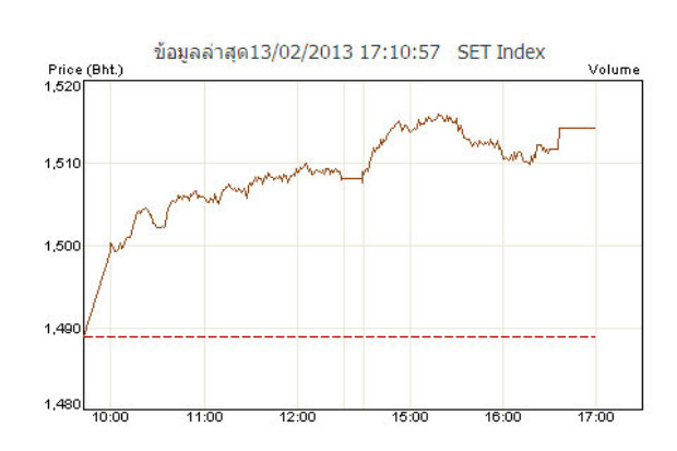 ตลาดหุ้นวันที่ 13 ก.พ. ดัชนีหุ้นเปิดตลาดบวกแรง และสามารถยืนในแดนบวกได้ตลอดทั้งวัน โดยได้รับแรงหนุนจากการเข้าซื้อหุ้นขนาดใหญ่ในกลุ่มพลังงานและธนาคาร เป็นตัวดันให้ดัชนีทะลุระดับ 1,500 จุด และมาปิดตลาดที่ระดับ 1,514.11 จุด เพิ่มขึ้น 25.16 จุด หรือ 1.69% มูลค่าการซื้อขาย 72,023.79 ล้านบาท
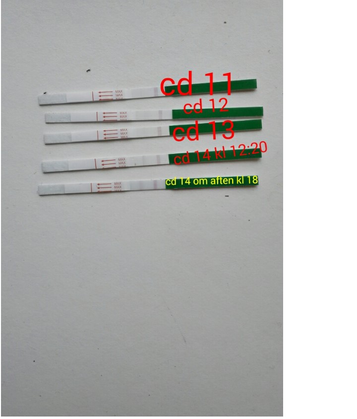 Jeh har siden dag 8 tage ægløsnings teste. Da jeg har cyklusser mellem 26 og 32 dage . det er så først idag på dag 14 at man kan se en svag streg uden at skulle ane noget. Betyder det så at ægløsning er nær da jeg også har en øget sexlyst samt en masse æggehvide udflåd. Spørg ind til det pga jeg ikke ved en dyt og ægløsningsteste udover at test stregeb skal være tysligere en kontrol stregen.
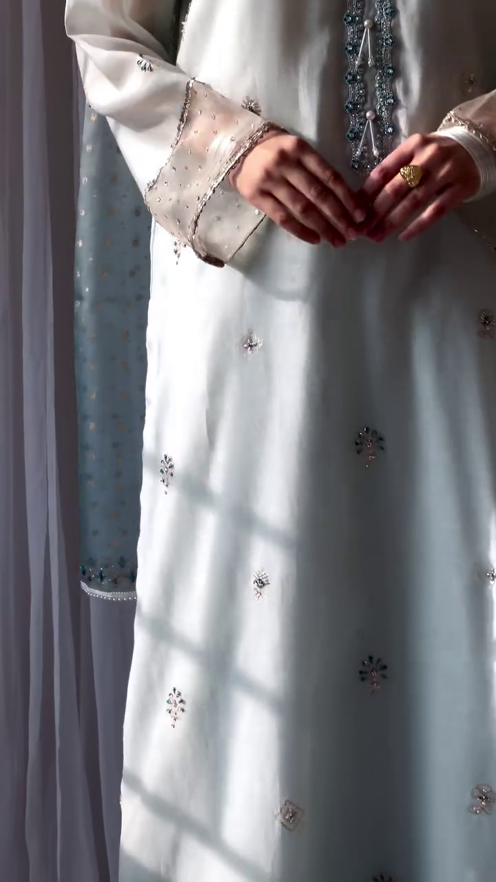 Discover the elegance of Eid with our “Bahaar Eid aur Tum” collection. This 3-piece handspun silk lawn suit, in pastel blue, is adorned with graceful block prints and fine resham embellishments, offering a blend of tradition and sophistication for your festive wardrobe. Limited pieces available.
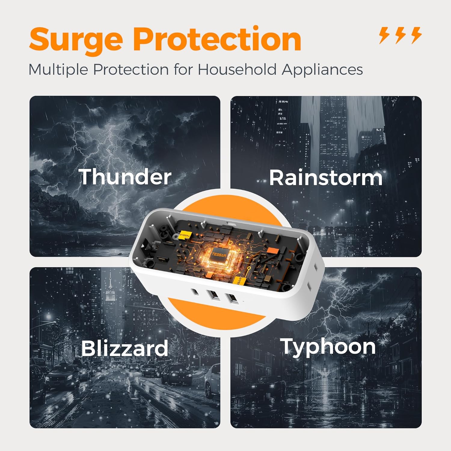 - Surge Protector Outlet: The wall outlet with USB ports protects your devices, such as computers and other electrical appliances, from power surges and spikes; Wall plug extender provides a secure and dependable charging environment
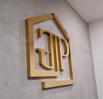 At Al Tayyeb Neon, we provide interior 3D logos, glass frosting, vinyl wall graphics, desk nameplates, and safety signs.
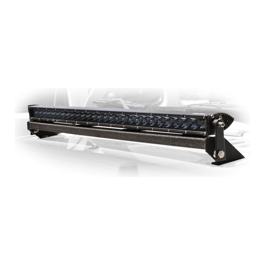 DV8 Offroad Hood Steel Light Bar Mount in Textured Black. Mounts behind the hinge for a low-profile mount. The ability to mount 2 individual lights or light bar from 30" on up. Fits 2007-2018 Jeep Wrangler JK (all models). Easy installation, without modifications needed and uses factory hardware.
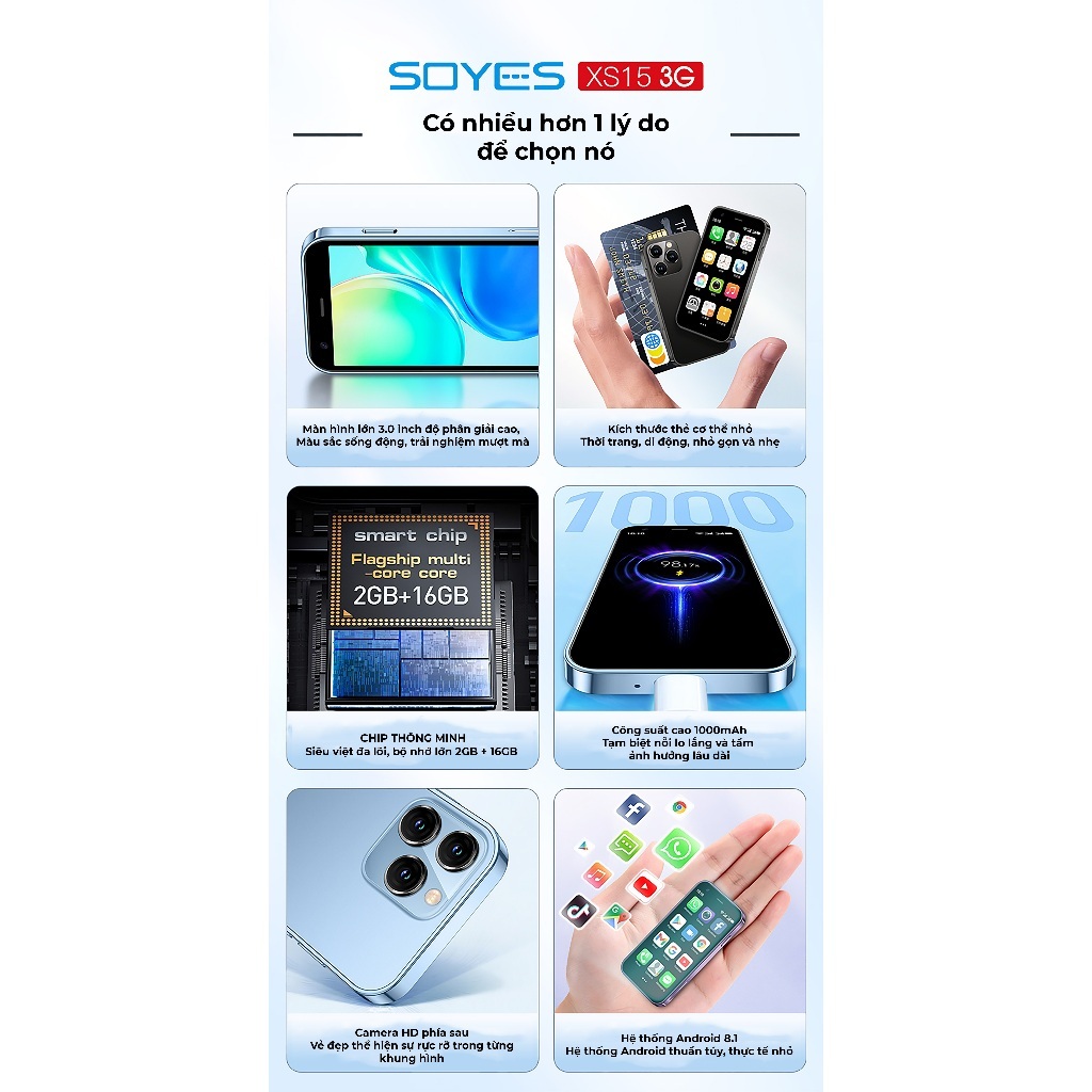 Điện thoại mini siêu nhỏ cảm ứng Soyes XS15, Soyes XS 16
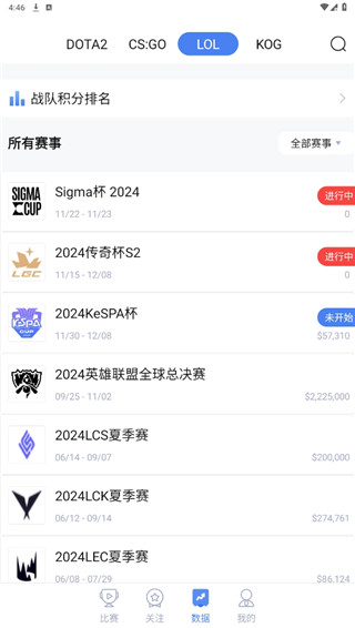 5、软件支持英雄联盟、刀塔2、反恐精英等热门游戏的赛事资讯。
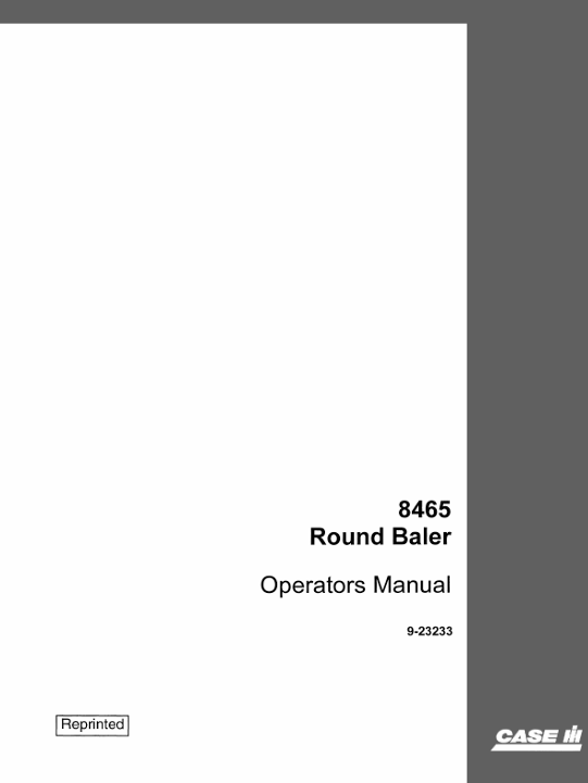 Enhance your baling efficiency with the Operator’s Manual for the Case IH 8465 Round Baler. This comprehensive guide provides essential information on operation, maintenance, and troubleshooting, ensuring you get the most out of your equipment. With clear instructions and detailed diagrams, you can easily navigate the features of the baler, optimize performance, and extend its lifespan. Invest in this manual to ensure your baling tasks are executed smoothly and effectively, making it an indispensable resource for any operator
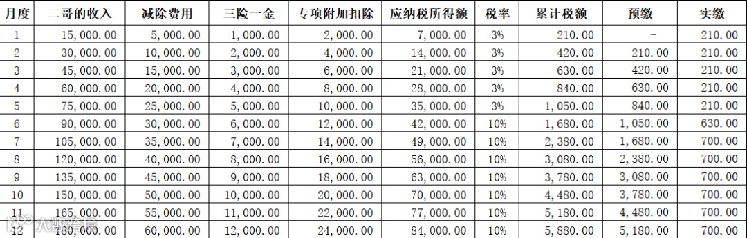 =(15000*10-5000*10-1000*10-2000*10)*10%-2520-3780=700元
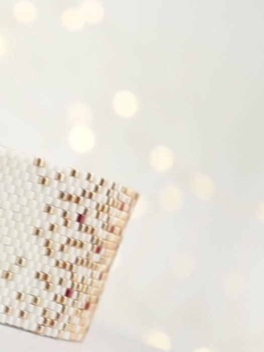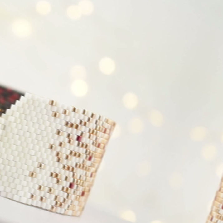 Sunset ombre peyote bracelet pattern with gradient from gold and white to ruby red and black. “Fiesta Time” cuff delivers a dramatic evening statement, perfect for proms, parties, and bold occasion jewelry.

- What the task asks
All lines from the beginning of the material through the line that holds "Jeh har siden", both included, should be returned exactly; please omit any pictures and add no other lines.

- Response
 ตลาดหุ้นวันที่ 13 ก.พ. ดัชนีหุ้นเปิดตลาดบวกแรง และสามารถยืนในแดนบวกได้ตลอดทั้งวัน โดยได้รับแรงหนุนจากการเข้าซื้อหุ้นขนาดใหญ่ในกลุ่มพลังงานและธนาคาร เป็นตัวดันให้ดัชนีทะลุระดับ 1,500 จุด และมาปิดตลาดที่ระดับ 1,514.11 จุด เพิ่มขึ้น 25.16 จุด หรือ 1.69% มูลค่าการซื้อขาย 72,023.79 ล้านบาท
 Jeh har siden dag 8 tage ægløsnings teste. Da jeg har cyklusser mellem 26 og 32 dage . det er så først idag på dag 14 at man kan se en svag streg uden at skulle ane noget. Betyder det så at ægløsning er nær da jeg også har en øget sexlyst samt en masse æggehvide udflåd. Spørg ind til det pga jeg ikke ved en dyt og ægløsningsteste udover at test stregeb skal være tysligere en kontrol stregen.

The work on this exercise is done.